The website that hosts these pages is also the first result that comes up
when you Google Search for "Flink documentation", and it claims it is a
stable version. The url is:
https://ci.apache.org/projects/flink/flink-docs-stable/

Again, please let me know the url of the updated Flink documentation.

Thank you Biao and Eduardo!

Pankaj

On Tue, Jun 18, 2019 at 11:49 PM Biao Liu <mm...@gmail.com> wrote:

> Hi Pankaj,
>
> That's really a good question. There was a refactor of architecture
> before[1]. So there might be some descriptions used the outdated concept.
>
> Before refactoring, Job Manager is a centralized role. It controls whole
> cluster and all jobs which is described in your interpretation 1.
>
> After refactoring, the old Job Manager is separated into several roles,
> Resource Manager, Dispatcher, new Job Manager, etc. The new Job Manager is
> responsible for only one job, which is described in your interpretation 2.
>
> So the document you refer to is outdated. Would you mind telling us the
> URL of this document? I think we should update it to avoid misleading more
> people.
>
> 1.
> https://cwiki.apache.org/confluence/pages/viewpage.action?pageId=65147077
>
> Eduardo Winpenny Tejedor <ed...@gmail.com> 于2019年6月19日周三
> 上午1:12写道：
>
>> Hi Pankaj,
>>
>> I have no experience with Hadoop but from the book I gathered there's one
>> Job Manager per application i.e. per jar (as in the example in the first
>> chapter). This is not to say there's one Job Manager per job.
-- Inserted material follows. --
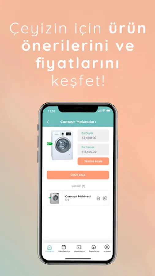 You can list hundreds of product suggestions from bathroom to home textile, lighting to furniture, white goods to kitchen utensils through the My Dowry List application. You can compare the prices of the products you like in different brands, and add the ones that best fit your budget to your personal list.

Actually I
>> don't think the word Job is defined in the book, I've seen Task defined,
>> and those do have Task Managers
>>
>> Hope this is along the right lines
>>
>> Regards,
>> Eduardo
>>
>> On Tue, 18 Jun 2019, 08:42 Pankaj Chand, <pa...@gmail.com>
>> wrote:
>>
>>> I am trying to understand the role of Job Manager in Flink, and have
>>> come across two possibly distinct interpretations.
>>>
>>> 1. The online documentation v1.8 signifies that there is at least one
>>> Job Manager in a cluster, and it is closely tied to the cluster of
>>> machines, by managing all jobs in that cluster of machines.
>>>
>>> This signifies that Flink's Job Manager is much like Hadoop's
>>> Application Manager.
>>>
>>> 2. The book, "Stream Processing with Apache Flink", writes that, "The
>>> Job Manager is the master process that controls the execution of a single
>>> application—each application is controlled by a different Job Manager."
>>>
>>> This signifies that Flink defaults to one Job Manager per job, and the
>>> Job Manager is closely tied to that single job, much like Hadoop's
>>> Application Master for each job.
>>>
>>> Please let me know which one is correct.
>>>
>>> Pankaj
>>>
>>

Re: Role of Job Manager

Posted by Biao Liu <mm...@gmail.com>.

Hi Pankaj,

That's really a good question. There was a refactor of architecture
before[1]. So there might be some descriptions used the outdated concept.

Before refactoring, Job Manager is a centralized role. It controls whole
cluster and all jobs which is described in your interpretation 1.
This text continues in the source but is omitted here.